Problem is that, there are no lids today made with rubber. Today's lids have a _VERY thin_ strip of an acrylic sealing compound and barely hang on for one sealing. You'll notice that when you take a lid off, you can see an "indent". That indent goes almost all the way through and there is not enough left for a good seal. Plus, the sealing strips won't "reform" to new jars.


----------



## unregistered29228 (Jan 9, 2008)

Thanks SGL and Karen....I don't want to take a chance with losing food or making my family sick, but it seems a waste to not be able to use them again.

I wonder that nobody has come up with a type of glue or thick sealing material to use in the lids of commercial jars for canning.


----------



## Guest (Jul 4, 2008)

Mom_of_Four said:


> I wonder that nobody has come up with a type of glue or thick sealing material to use in the lids of commercial jars for canning.


I'm sure that someone once posted here at HT about some kind of rubber sealant you can buy in a little can that you can use for renewing your canning lids.

I've never been able to find that post again.


----------



## insocal (May 15, 2005)

In the past I have successfully reused lids for BOILING WATER BATH canning only. The strip of sealant seems to deform less than with pressure canning, and so can hold up to a second or even third use. If the seal fails, you will know it right away as the jars cool down. I never had one fail down the road (well, one seal did fail after 8 years on the shelf, but what do you expect, lol).

I NEVER reuse lids for pressure canning.


----------



## moonwild (Mar 20, 2006)

Mom_of_Four said:


> I remember my mother re-using the lids from jam, etc., when she was canning foods.
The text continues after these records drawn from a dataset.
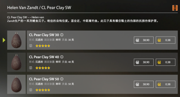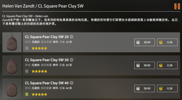 沉子在水底起锚固作用,为了让鱼饵固定到水底不发生移动,原则是尽可能找到不发生移动的最低重量以获得最高灵敏度,并且为了起到隐蔽作用,配色尽可能选择和水底同配色,根据测杆测量底部一般为泥土或者黏土,所以首选就是黏土色沉子。根据经验测试在老奥和28图40g的沉子就有比较好的锚固效果,所以主推40g。以下几个沉子40g配重都可以选择。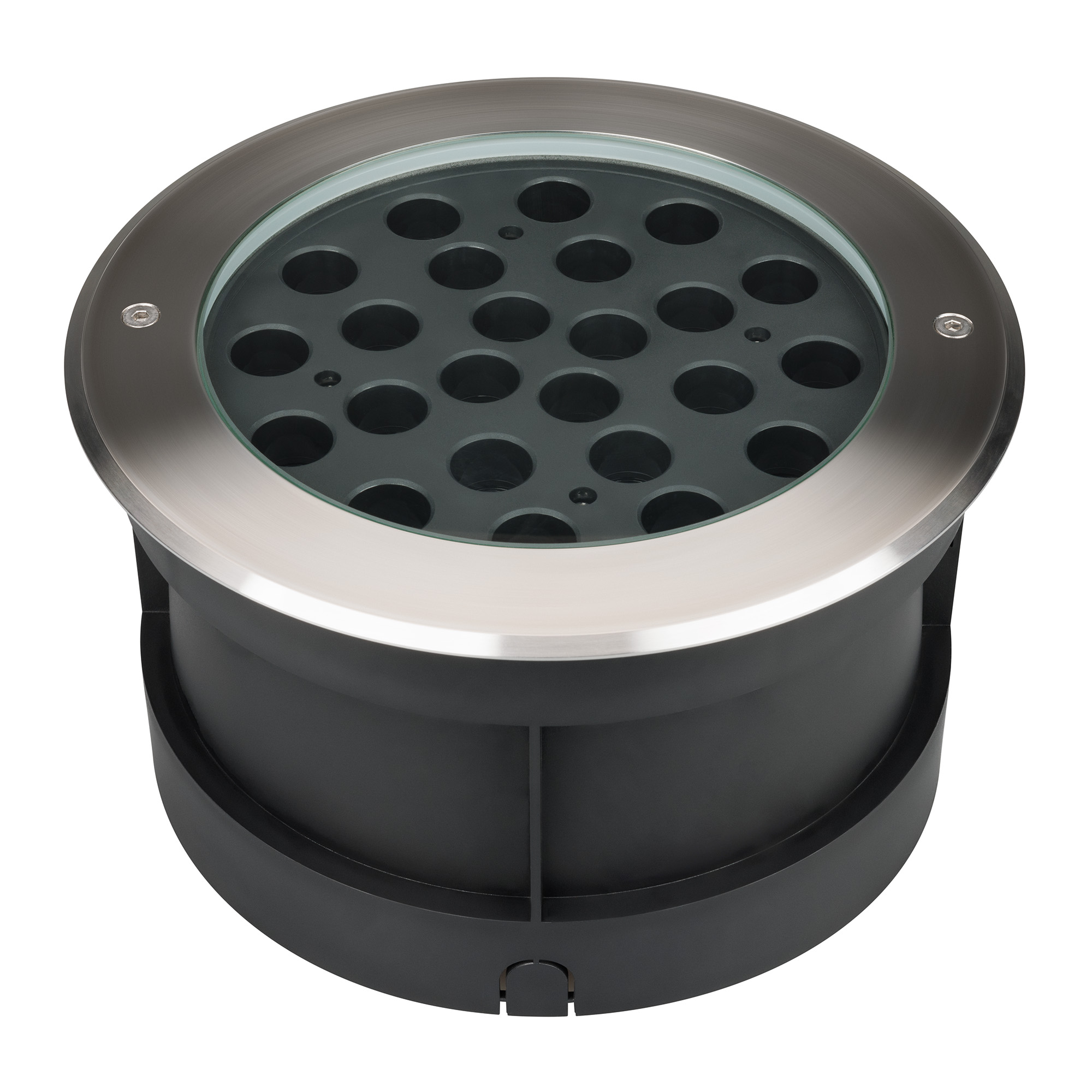 Встраиваемый светодиодный светильник LTD-DAFNA мощностью 48 Вт, теплого цвета свечения (3000К), со световым потоком 3250 лм предназначен для ландшафтного освещения парковых и садовых дорожек, придомовых территорий, а также декоративной подсветки фасада. Узкий угол излучения 35° позволяет создать четкий акцент на подсвечиваемом объекте. Ударопрочный круглый корпус из нержавеющей стали и алюминия Ø260x150 мм и экран из закаленного стекла толщиной надежно защищают оптический блок со светодиодом от внешних воздействий. Степень пылевлагозащиты корпуса на уровне IP67 рассчитана на длительное использование на открытом воздухе, а так же обеспечивает надежную работу в неблагоприятных условиях. Установка в отверстие ДxВ Ø240x150 мм. Светильник поставляется в сборе с драйвером и питающим кабелем, что позволяет легко и быстро подключить его к сети 230 В.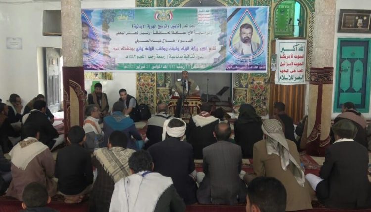 وفي الندوة التي حضرها مديرو المؤسسة المحلية للمياه المهندس أمين المغلس ومكتب الزراعة المهندس يحيى القدمي وفرع حماية البيئة علي الضلعي وفرع الموارد المائية إسماعيل المهدي والمرور العقيد فؤاد عامر، ونائب مدير فرع هيئة مياه الريف عبدالمجيد السنيني ومشرف المدينة عصام الوزان، أوضح عضو رابطة علماء اليمن عبدالمجيد شرف الدين، أهمية إحياء جمعة رجب يوم دخل اليمنيون الإسلام وناصروا الدين الإسلامي حتى اليوم.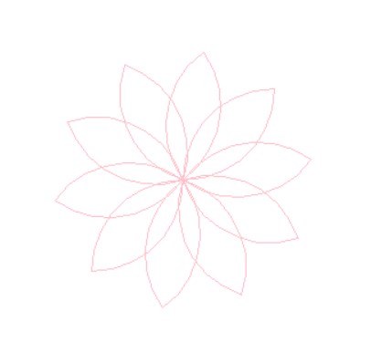 from turtle import * setup(800,600) pencolor('pink') n = 10 for i in range(n): # 绘制一片花瓣 for j in range(2): circle(80,90) left(90) speed(0) right(360/n) hideturtle() done()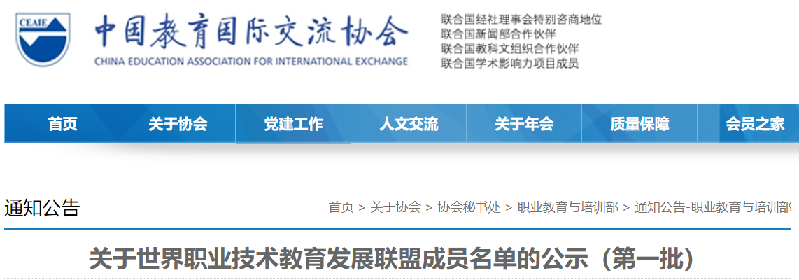 近日,从中国教育国际交流协会获悉,经过近3个月的审核,伟德官网成功入选世界职业技术教育发展联盟首批成员单位公示名单,成为安徽省入选该联盟的两所高职院校之一。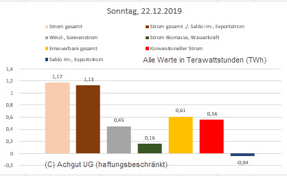 Sonntag, 22.12.2019: Anteil Erneuerbare an der Gesamtstromerzeugung 52,14 Prozent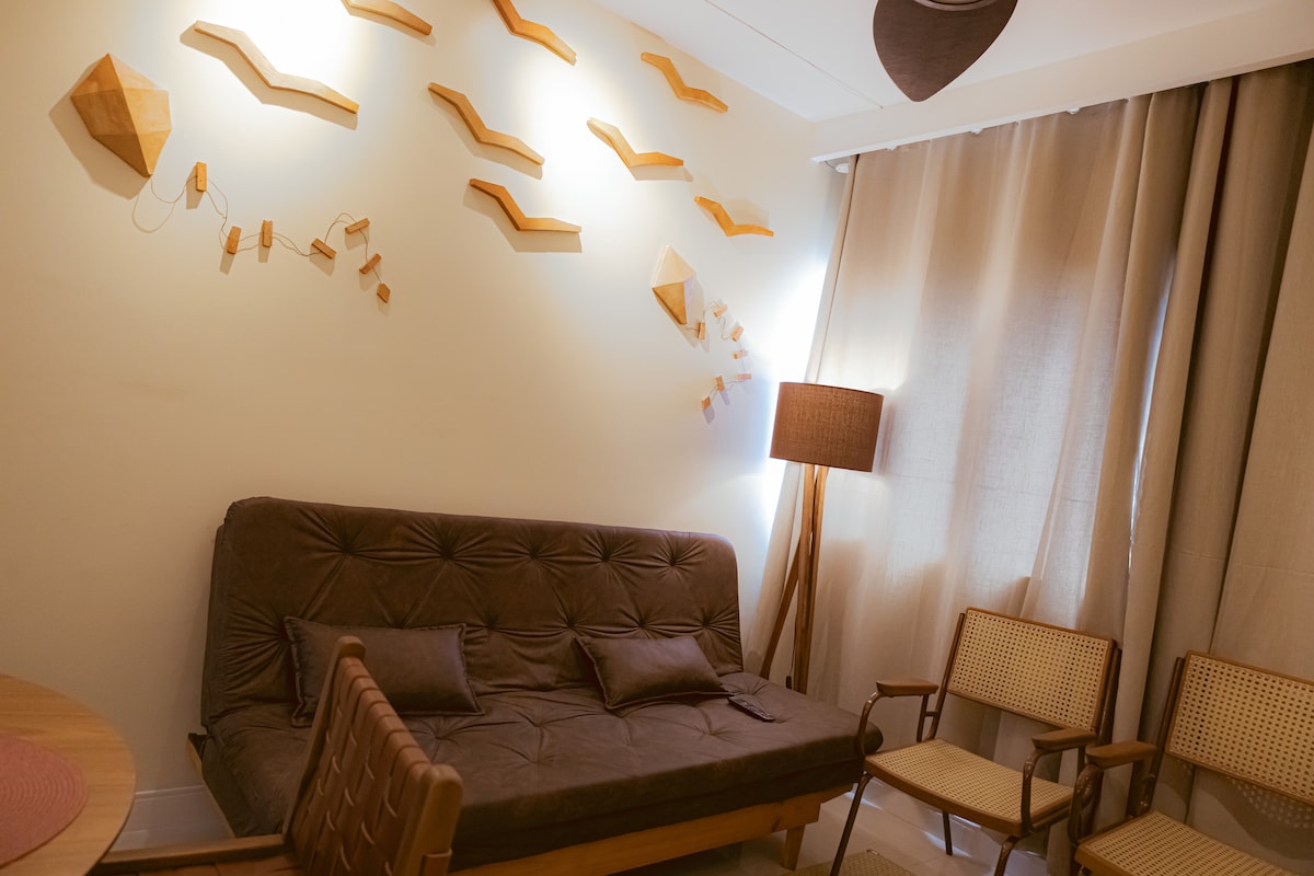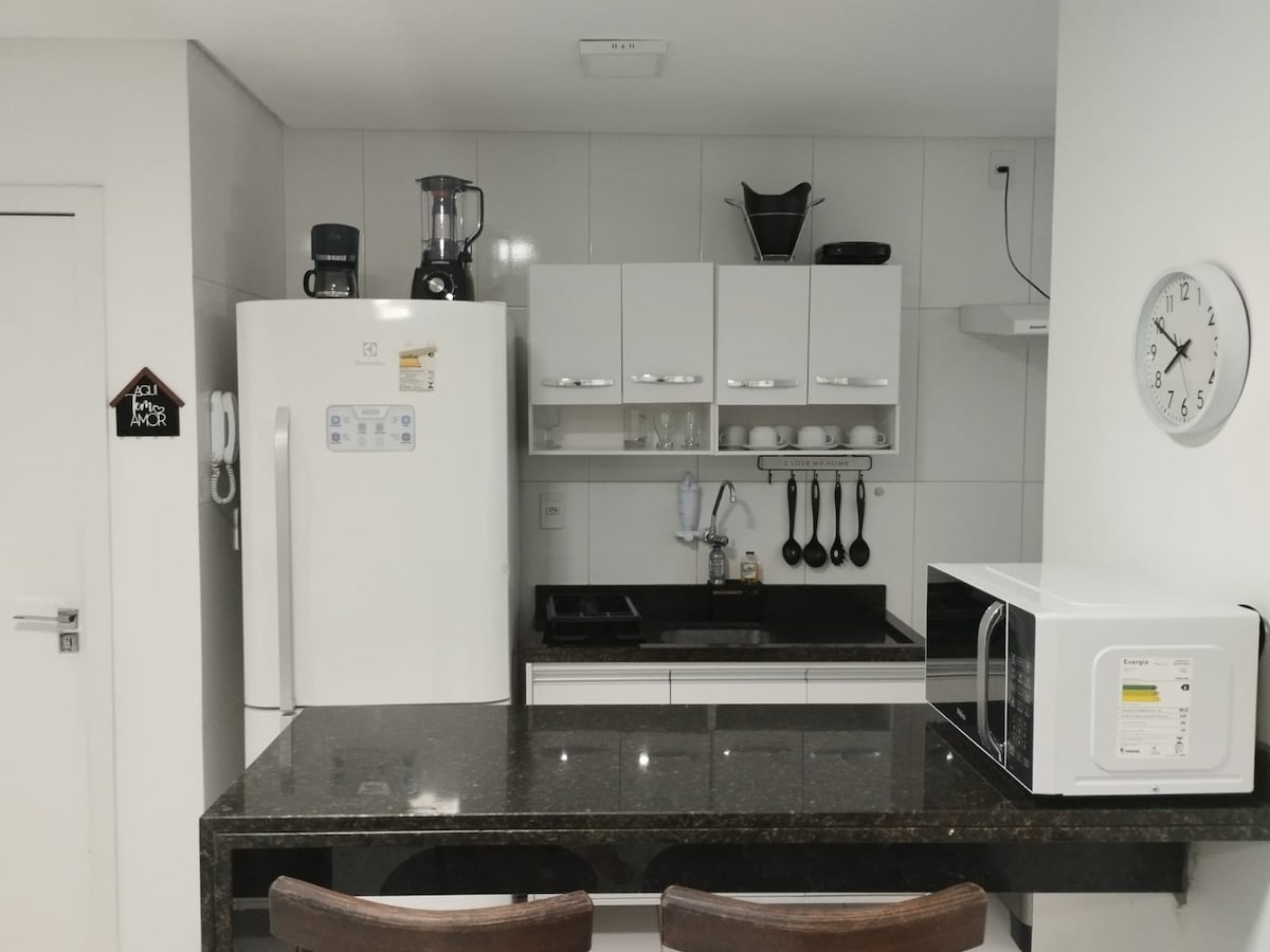 Bienvenidos a su moderno estudio en el corazón de Petrolina: un espacio acogedor que combina comodidad y practicidad. Ideal para dos personas, cuenta con una cama matrimonial, aire acondicionado, TV, wifi de alta velocidad y una zona de trabajo. La cocina está totalmente equipada con vitrocerámica, nevera, microondas, freidora de aire y cafetera. Aceptamos mascotas y ofrecemos una estancia segura, funcional y con una excelente ubicación.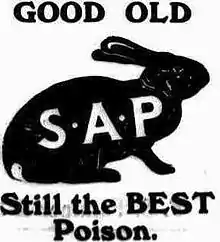 In 1902[1] the company began marketing this poison, which was, where laid, spectacularly successful against the rabbit pest. In 1906 the company purchased the recipe and manufacturing rights for "Rabbo", a similar product, from G. McGirr of Parkes, New South Wales.[2] An active ingredient of "S.A.P." was phosphorus, and was quickly suspected of starting grass fires, such that competing products such as "Vernox" were soon being marketed as being safer in this respect,[3] though "Vernox" and others such as "Deathtrail" and "Grim" all contained free phosphorus, in perhaps different concentrations. The advantage of phosphorus as a poison is that, in dry weather and if not strewn as clumps, it has degraded to innocuous phosphoric acid within a week and harmless to stock.[4]
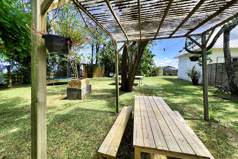 Il est équipé d’une table de ping pong, un trampoline, des petits jeux d’extérieur, d’un espace Barbecue à charbon et d’une grande table en bois.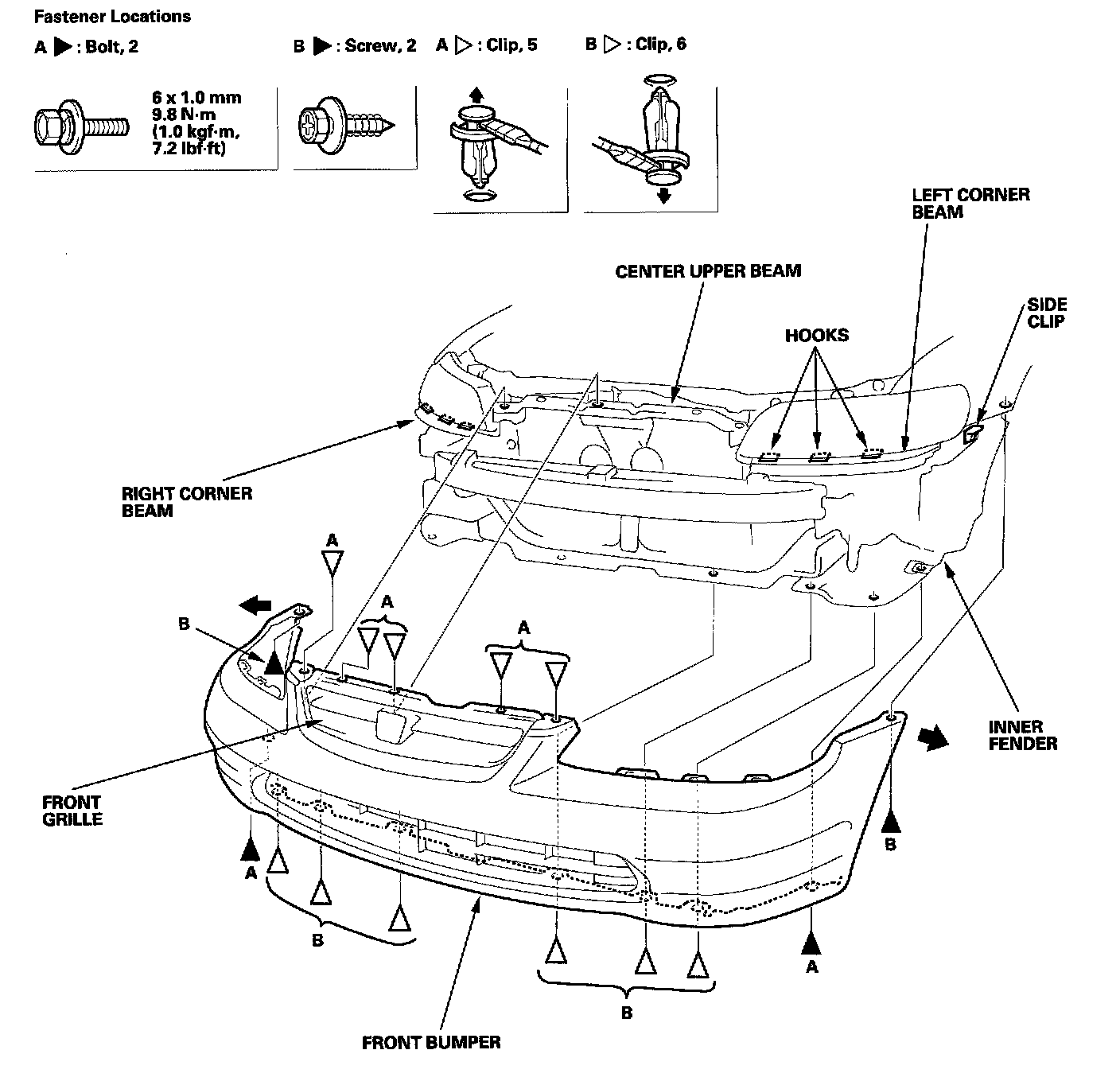 - Make sure the front bumper engages the side clips, and the hooks (of the corner upper beams) on each side securely.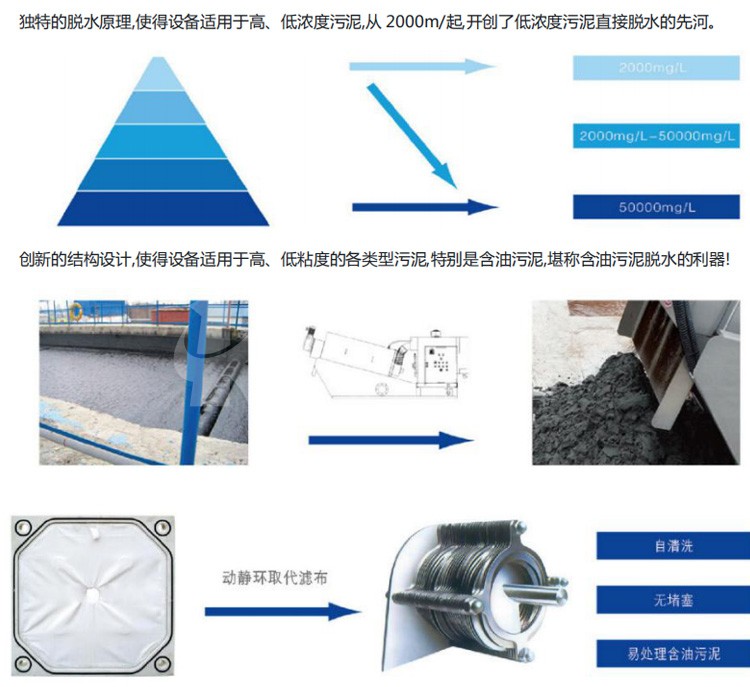 由于直接采用機(jī)械擠壓脫水,無(wú)需滾筒等大型機(jī)體,因而該機(jī)設(shè)計(jì)得相當(dāng)輕巧;機(jī)體幾乎全部采用不銹鋼材質(zhì), 更換部件只有螺旋軸和游動(dòng)環(huán),使用壽命長(zhǎng),經(jīng)久耐用。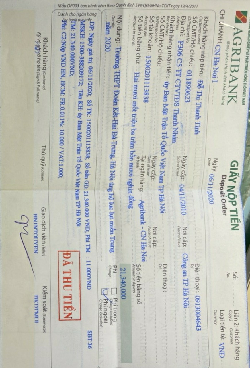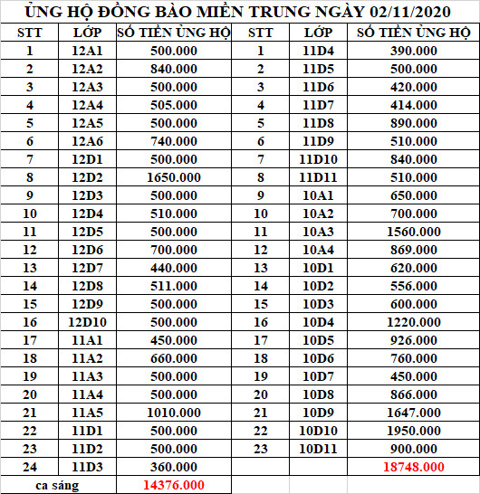 Toàn bộ số tiền 38.874.000 đã được quyên góp cho đồng bào miền Trung qua hai cơ quan
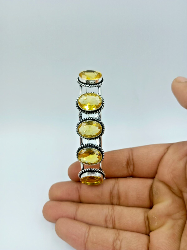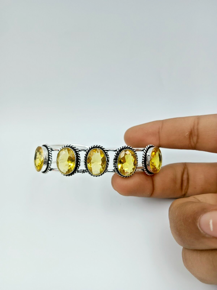 This is a handmade Citrine cuff bangle bracelet made from 925 Sterling Silver. The bracelet features a Citrine gemstone set in the Sterling Silver bangle, making it a unique and elegant piece of jewelry.

I know I used some of them when I was canning tomatoes and pickling jalapenos years ago.


I have reused them for foods such as jams and jelly and pickles but would never use them for any thing pressure canned or not made with alot of sugar or vinegar.
I have reused them on vaccuum sealing dried food and herbs.


----------



## sgl42 (Jan 20, 2004)

Mom_of_Four said:


> I wonder that nobody has come up with a type of glue or thick sealing material to use in the lids of commercial jars for canning.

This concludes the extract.